Record numbers of schools are making use of an innovative scheme that allows pupils to have access to thousands of objects from the National Museum of Wales.

The outreach collection service, which celebrated its 60th anniversary last year, aims to inspire and educate pupils by taking samples, specimens and works of art out from behind their glass cases and into the classroom.

It is one of the largest collections of its kind in Europe, with more than 15,000 items available for loan.

An average of 120 schools use the service every financial year, but in the first sixth months of 2009-10 a record 134 schools borrowed items from the collection.

Bryony Spurway, museum outreach collection manager, said: "To children, museums can sometimes feel like cathedrals - you have to be quiet and respectful. But the outreach collection is more accessible; it's not something that's completely behind a glass cabinet.

"It interests and inspires them and gives them ownership because they can engage with an object in their own environment, and often they start asking questions that they wouldn't otherwise."

Most items are small because the emphasis is on pupils being able to handle them in the classroom, although there are some larger objects.

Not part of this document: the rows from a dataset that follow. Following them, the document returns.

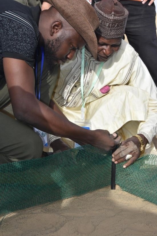 這位卡諾州環(huán)境部生態(tài)和林業(yè)主管按照中國專家的講授和示范,把條狀的可降解乳酸纖維沙袋灌滿沙子,擺成方格形狀,又拿起沉甸甸的鐵錘,把小樁子敲進沙地里,圍上高密度固沙網。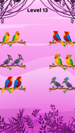 Bird Color Sort is a fun and addictive puzzle game! Try to sort the colored bird on the tree branch until all the birds have the same color and fly away. Water sort puzzle games are no longer unique. With the new style of sorting games with colored birds and birds, singing brings definitely a challenging yet relaxing game to train your brain! ASMR sounds in each category of Birds.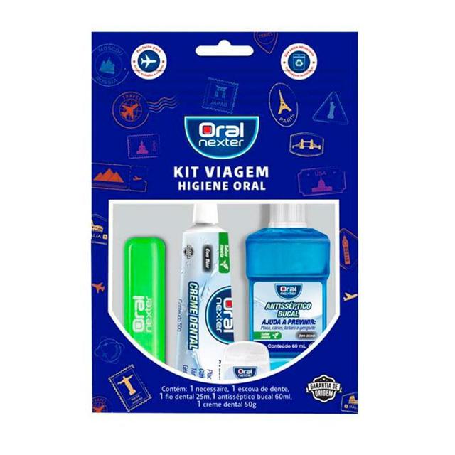 Kit Viagem Oral Nexter – Higiene Bucal Completa em Qualquer Lugar Garanta uma higiene oral completa onde estiver com o Kit Viagem Oral Nexter, ideal para viagens, trabalho, academia e rotina fora de casa. O kit contém tudo o que você precisa para manter seu sorriso limpo e saudável, com praticidade e eficiência. Conteúdo do Kit: 1 Necessaire compacta e reutilizável 1 Escova de dente com capa protetora 1 Fio dental 25m 1 Antisséptico bucal 60ml (sem álcool, sabor menta) 1 Creme dental 50g (com flúor, sabor menta) Confira também outros produtos de Oral Nexter: - Escovas dental Oral Nexter - Fio e fita dental Oral Nexter - Antisséptico bucal Oral Nexter Compre agora o Kit Viagem Oral Nexter e leve praticidade, proteção e frescor com você onde for! Ideal para quem busca conveniência sem abrir mão da saúde bucal.

One of the most popular items is an evacuee's suitcase from the Second World War, containing a gas mask, clothing and books.

The museum also has a dedicated display space called "Treasures that Travel", which is used for exhibiting work inspired by the collections.

Next month, work by Year 5 pupils from Cardiff's Rhydypenau Primary School will be exhibited, based on their study of nature specimens from the outreach collection.

Carolyn Evans, the school's head, said: "Teachers in particular value the artefacts that have been supplied to the school to support the curriculum.

"The whole ethos strongly supports the investigatory and research skills promoted by the school. Pupils have also enjoyed experiencing aspects of the natural world first-hand."

Schools can either pay to subscribe to the service for a year, which gives them access to an unlimited number of objects from the museum's history, archaeology, art, geology and natural sciences departments, or they can borrow individual items for a term at a time.

Most of the items are originals, although replicas are commissioned if the original items cannot be found or if they are too rare or fragile.

Recent additions include a "minibeasts" box containing mounted insects and spiders.

Ms Spurway said: "Teachers are surprised at the size and scope of the collection. It really shows the commitment of the museum to share its artefacts for the benefit of everyone."

Welsh innovation on display

Founded as the museum school service in 1949, the outreach service was one of many innovative post-war ventures to improve the country's educational and cultural facilities.

The museum's director at the time, Sir Cyril Fox, wanted to use the museum's resources to improve teaching and learning in the country's grammar schools and technical colleges, as well as to give inspiration to less academic pupils.

But it soon became clear that the museum's collection would have to be expanded to meet demand, and staff were dispatched across the country to source new and duplicate specimens.

The project was originally funded by a consortium of local education authorities; contributions were based on school population.

The service grew steadily and by 1970 all museum departments were taking part and all LEAs were on board.

The service gained international recognition, with members of staff invited to advise commonwealth countries such as India, Uganda and Nigeria on setting up their own museum education services.